▸ **Dataset excerpt**
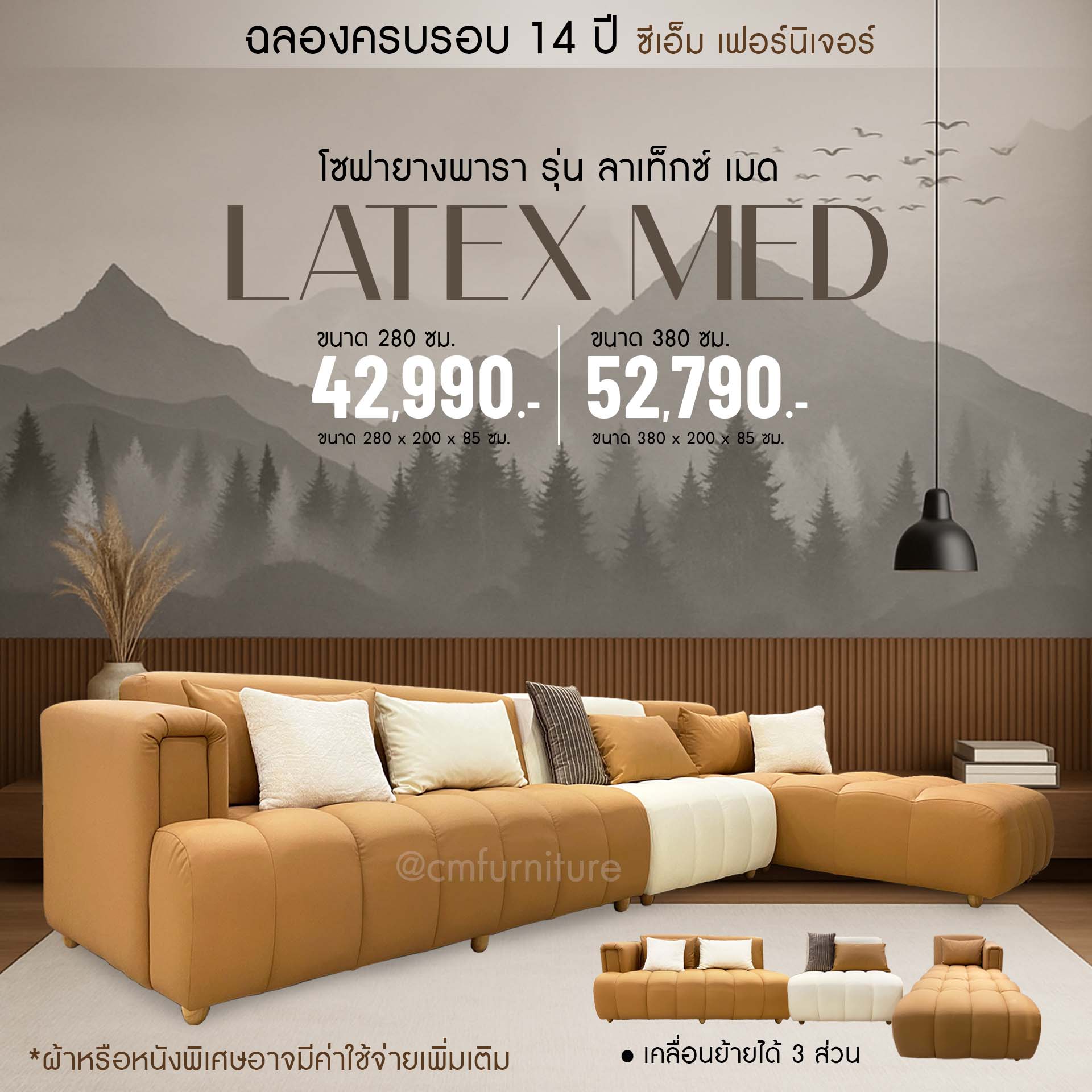 โซฟายางพารา รุ่น ลาเท็กซ์ เมด- เคลื่อนย้ายแยกได้ 3 ส่วนขนาด 280 ซม. / 42,990.-ขนาด 380 ซม. / 52,790.-
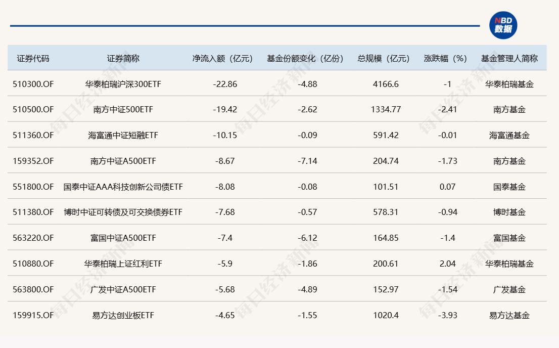 与此同时,华泰柏瑞沪深300ETF基金份额减少4.88亿份,净流出额为22.86亿元;南方中证500ETF基金份额减少2.62亿份,净流出额为19.42亿元;海富通中证短融ETF基金份额减少0.09亿份,净流出额为10.15亿元。
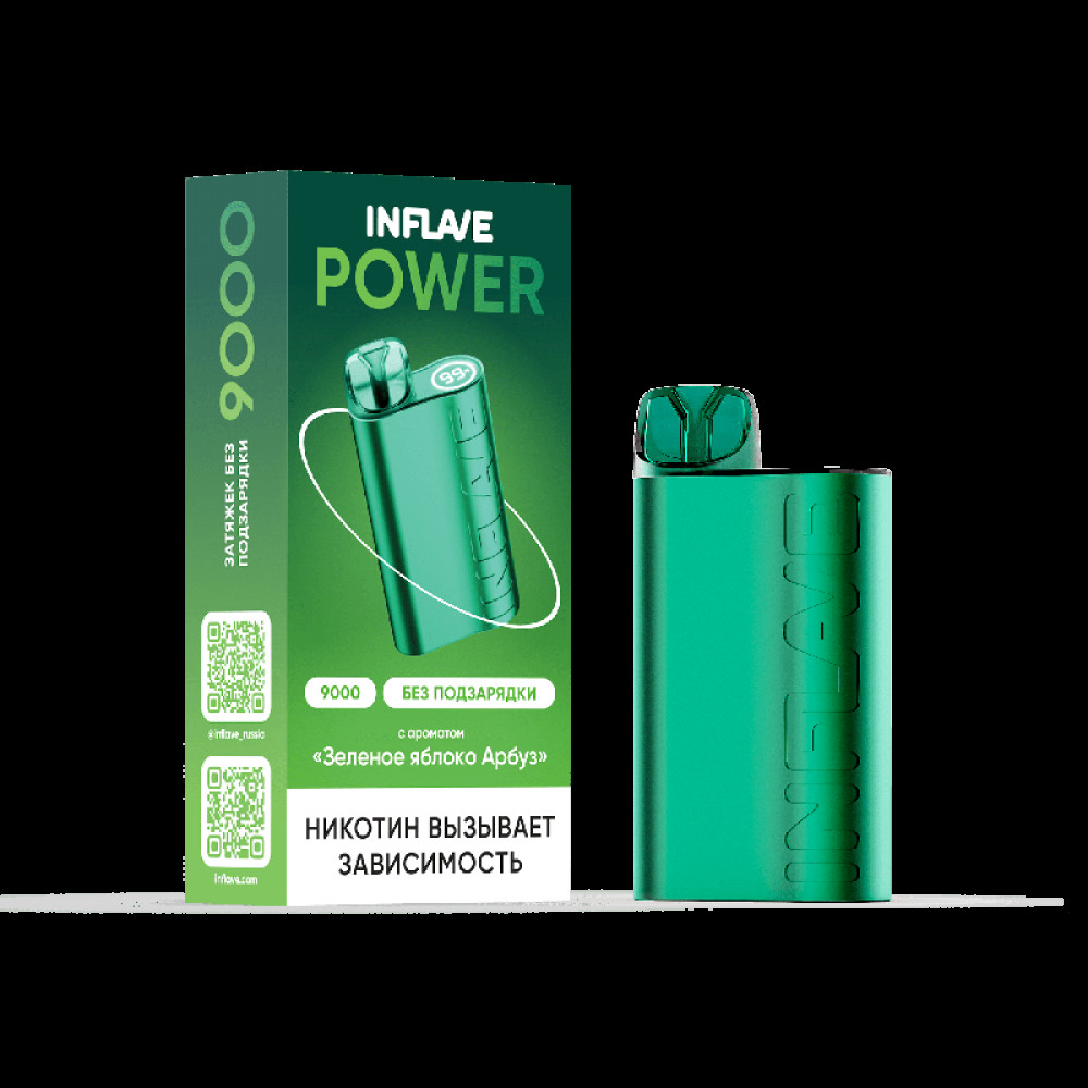 Электронная сигарета INFLAVE POWER 9000 затяжек Зеленое Яблоко Арбуз - купить в Россоши

▸ **Work instructions**
Write out the listing above in full, word for word, with no pictures.

▸ **Solution to this task**
 โซฟายางพารา รุ่น ลาเท็กซ์ เมด- เคลื่อนย้ายแยกได้ 3 ส่วนขนาด 280 ซม. / 42,990.-ขนาด 380 ซม. / 52,790.-
 与此同时,华泰柏瑞沪深300ETF基金份额减少4.88亿份,净流出额为22.86亿元;南方中证500ETF基金份额减少2.62亿份,净流出额为19.42亿元;海富通中证短融ETF基金份额减少0.09亿份,净流出额为10.15亿元。
 Электронная сигарета INFLAVE POWER 9000 затяжек Зеленое Яблоко Арбуз - купить в Россоши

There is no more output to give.